Bosnian hero denies being war criminal

A Bosnian Muslim commander who defended the UN declared safe area of Srebrenica from Serb troops during the 1992-95 Bosnian war today denied he committed atrocities.

Bosnian hero denies being war criminal

A Bosnian Muslim commander who defended the UN declared safe area of Srebrenica from Serb troops during the 1992-95 Bosnian war today denied he committed atrocities.

Naser Oric, 36, was charged by UN prosecutors in The Hague with murder, cruel treatment, wanton destruction and plunder in eastern Bosnia.

He was captured last week in Bosnia by Nato-led forces outside his home in Tuzla and taken to the US detention unit in the Netherlands.
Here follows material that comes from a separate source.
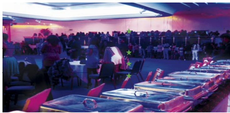
[Above] Catering Unit and layout logistic(s) - Ilford. Zambian 48th Independence Dance, October 28th 2011. En Masse: 1,000 People, catering 24 dishes. Served on average 520 meals. Style: traditional Zambian cuisine by HC Business Member: Fredor Restaurant. Critical Mass: Buffet Style

there necessarily to be 'won over'. The HC can provide food or 'manage' assigned assets already provided. (i.e You are a catering Company or own a restaurant and produce your own menu). See other things that the HC can do as part of HC Basic Events Management service:

“Your honours ... I am not guilty,” Oric said to each count, looking solemn in a grey suit and shirt as he stood before the judge.

Oric is widely regarded as a hero by Muslims in Bosnia for defending his people from Serb attackers who later carried out the mass murder of around 8,000 boys and men in July 1995.

He was awarded the Golden Lily” the Bosnian army’s highest honour.

His case underscores the ambiguous stance to the tribunal in the Balkans, where one man’s villain is another’s hero.

Bosnian Serbs blame him for the killings of about 2,000 Serbs from villages around Srebrenica, including the so-called Bloody Christmas massacre in January 1993, when dozens of women and children died in the village of Kravice.

During the siege of Srebrenica, Oric’s fighters broke through weak spots in the Serbian front lines, raiding surrounding Serb villages to get weapons and food to the enclave’s starving inhabitants.

The indictment alleges that Oric and his forces tortured and beat Serb prisoners at the Srebrenica police station and pillaged some 15 nearby Serb villages and hamlets.

“In some instances, prisoners were beaten to death. Physical abuse included beatings by various objects including wooden sticks, wooden poles, steel pipes, metal bars, baseball bats, rifle butts, bare fists, kicking with boots and forced teeth extractions with rusty pliers,” the indictment says.

The Srebrenica massacres were Europe’s worst bloodshed since the Second Word War II. Dutch UN peacekeepers, in charge of protecting Srebrenica, were helpless to prevent it.

Before the war, Oric – a police officer by profession – served in Kosovo and in Belgrade where he was a bodyguard for former Yugoslav President Slobodan Milosevic.

He disappeared in 1991, to resurface as a Muslim commander in Bosnia.